Exploring the properties of logical depth might be interesting, but I don't expect a good utility function out of it.

[-]sbenthall11y10

Your point about physical entropy is noted and a good one.

One reason to think that something like D(u/h) would pick out higher level features of reality is that h encodes those higher-level features. It may be possible to run a simulation of humanity on more efficient physical architecture. But unless that simulation is very close to what we've already got, it won't be selected by g.

You make an interesting point about the inefficiency of physics. I'm not sure what you mean by that exactly, and am not in a position of expertise to say otherwise. However, I think there is a way to get around this problem. Like Kolmogorov complexity, depth has another hidden term in it, the specification of the universal Turing machine that is used, concretely, to measure the depth and size of strings. By defining depth in terms of a universal machine that is a physics simulator, then there wouldn't be a way to "bypass" physics computationally. That would entail being able to build a computer, which our physics, that would be more efficient than our physics. Tell me if that's not impossible.

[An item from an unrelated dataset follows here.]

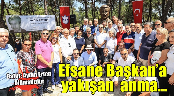 Gültepe’de halkın yararına yaptığı işlerle ve unutulmaz kişiliğiyle efsaneleşen dönemin Gültepe Belediye Başkanı Aydın Erten, ölümünün 22’nci yılında da unutulmadı. Gelenek olduğu üzere, Aydın Erten’in Gültepe Toros Mezarlığı’ndaki kabri başında yapılan anma töreninin ardından, Konak Belediyesi’nin Çınartepe Aydın Erten Rekreasyon Alanı’nda Efsane Başkan’ın anısını ölümsüzleştiren büst açılışına geçildi. Aydın Erten’in dostlarının ve sevenlerinin bir araya geldiği törenlere Konak Belediye Başkanı Abdül Batur başta olmak üzere, İzmir Büyükşehir Belediyesi Başkan Vekili Mustafa Özuslu, Cumhuriyet Halk Partisi (CHP) İzmir Milletvekilleri Tacettin Bayır, Kani Beko, Atila Sertel, CHP 24. dönem İzmir Milletvekili Musa Çam, CHP İzmir İl yöneticileri, CHP Konak İlçe Başkanı Akın Küçükoğullarından ve ilçe yöneticileri, CHP Karabağlar ilçe Başkanı Mehmet Türkbay, Konak Belediyesi Meclis Üyeleri, İzmir 68’liler Platformu Başkanı Gazeteci Okan Yüksel ve Yönetim Kurulu Üyesi Nail Dağdelen, platform üyeleri, sivil toplum ve demokratik kitle örgütleri temsilcileri, muhtarlar ve Gültepeliler katıldı.

Re: brains, I'm suggesting that we encode whatever we think is important about brains in the h term. If brains execute a computational process, then that process will be preserved somehow. It need not be preserve on grey matter exactly. Those brains could be uploaded onto more efficient architecture.

I appreciate your intuitions on this but this function is designed rather specifically to challenge them.

[-]jimrandomh11y90

I finally figured out what this does.

It takes h, applies an iterated hashing/key-stretching style function to it, and tiles the universe with the result.

Sorry.

[-]cousin_it11y20

Yeah, something like that. "Make the state of the universe such that it's much easier to compute knowing h than without h" doesn't mean that the computation will use any interesting features of h, it could just be key-stretching.

[-]sbenthall11y10

Could you flesh this out? I'm not familiar with key-stretching.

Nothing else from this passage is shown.